The invention is also a method for switching comprising the steps of providing at least two electrodes, pressurizing a liquid dielectric to a pressure greater than about 100 psig, flowing the liquid dielectric between the electrodes, inducing a voltage drop between the electrodes of at least a breakdown voltage of the dielectric, breaking down the dielectric between the electrodes, thereby providing an electrical path between the electrodes; and switching greater than approximately 1 joule. The breaking down step is preferably performed at a rate of at least approximately one pps, or more preferably at least approximately 10 pps, or even more preferably at least approximately 100 pps, or yet more preferably at least approximately 1000 pps, or most preferably at least approximately 10,000 pps. The dielectric flows at a rate of preferably less than approximately 100 liters per second, or more preferably less than approximately 20 liters per second, or even more preferably less than approximately 2 liters per second, or most preferably less than approximately 0.2 liters per second. The present method is for switching preferably greater than approximately 50 joules, or more preferably greater than approximately one kilojoule, or most preferably greater than approximately one megajoule. The method is also for switching preferably greater than approximately five kilovolts, or more preferably greater than approximately 50 kilovolts, or even more preferably greater than approximately one megavolt, or most preferably greater than approximately 5 megavolts.

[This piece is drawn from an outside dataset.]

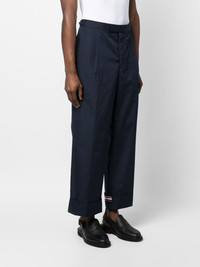RWB-stripe tailored trousers Thom Browne is renowned for redefining modern tailoring, as seen with these trousers. Adorned with RWB stripe detailing for a signature look, the cropped leg adds a modern touch to the pair. Highlights - Navy blue - Tailored cut - Rwb stripe - Mid-rise - Concealed front fastening - Straight leg - Slip pockets to the sides - Turn-up cuffs - Cropped leg Imported Composition Outer: Polyester 65%, Cotton 35% Lining: Cupro 100% SIZE & FIT Model measurements Height 6 ft 2 in(1.88 m) Bust/Chest 36.61 in(93 cm) Hips 35.82 in(91 cm) Waist 27.95 in(71 cm) FittingInformation Designed with a wide leg, offering a loose and roomy fit The adjustable tabs allow for fitted preferences Made from a midweight non-stretch fabric This piece fits true to size – take your usual size

The method preferably further comprises the step of de-aerating the dielectric, and preferably further comprises the step of varying a distance between the electrodes. The dielectric preferably flows out of a first opening in a first electrode and into a second opening in a second electrode. The method preferably further comprises the step of partially surrounding the first electrode with the second electrode, wherein the dielectric is preferably flowed around the first electrode. The method further preferably comprises the step of removing breakdown contamination, optionally comprising bubbles, from between the electrodes. The method further preferably comprises the step of lowering an inductance of a switch comprising the electrodes and the dielectric, preferably by partially surrounding the switch with an outer coaxial return.

An object of the present invention is to provide a high power switch capable of achieving high repetition rates.

An advantage of the switch of the present invention is its lower dielectric flow rate, which permits the use of a small, lightweight flow recirculating system, and increases the achievable repetition rate.

A further advantage is the compatibility of the present switch with existing hydraulic fluids and airframe hydraulic systems, thus optionally eliminating the need for a separate dielectric flow system.

Other objects, advantages and novel features, and further scope of applicability of the present invention will be set forth in part in the detailed description to follow, taken in conjunction with the accompanying drawings, and in part will become apparent to those skilled in the art upon examination of the following, or may be learned by practice of the invention. The objects and advantages of the invention may be realized and attained by means of the instrumentalities and combinations particularly pointed out in the appended claims.

BRIEF DESCRIPTION OF THE DRAWINGS

The accompanying drawings, which are incorporated into and form a part of the specification, illustrate several embodiments of the present invention and, together with the description, serve to explain the principles of the invention. The drawings are only for the purpose of illustrating a preferred embodiment of the invention and are not to be construed as limiting the invention. In the drawings:

FIG. 1 is a cutaway view of an inline switch of the present invention;

FIG. 2 is a cutaway view of a coaxial switch of the present invention;

FIGS. 3A and 3B are graphs depicting experimental results showing the variation of switching voltage and carbon byproduct region size with time according to Example 1 of the present invention; and

FIGS. 4A-4C are graphs depicting experimental results showing the variation of breakdown voltage, maximum bubble radius, and bubble oscillation period with pressure according to Example 1 of the present invention.

DESCRIPTION OF THE PREFERRED EMBODIMENTS (BEST MODES FOR CARRYING OUT THE INVENTION)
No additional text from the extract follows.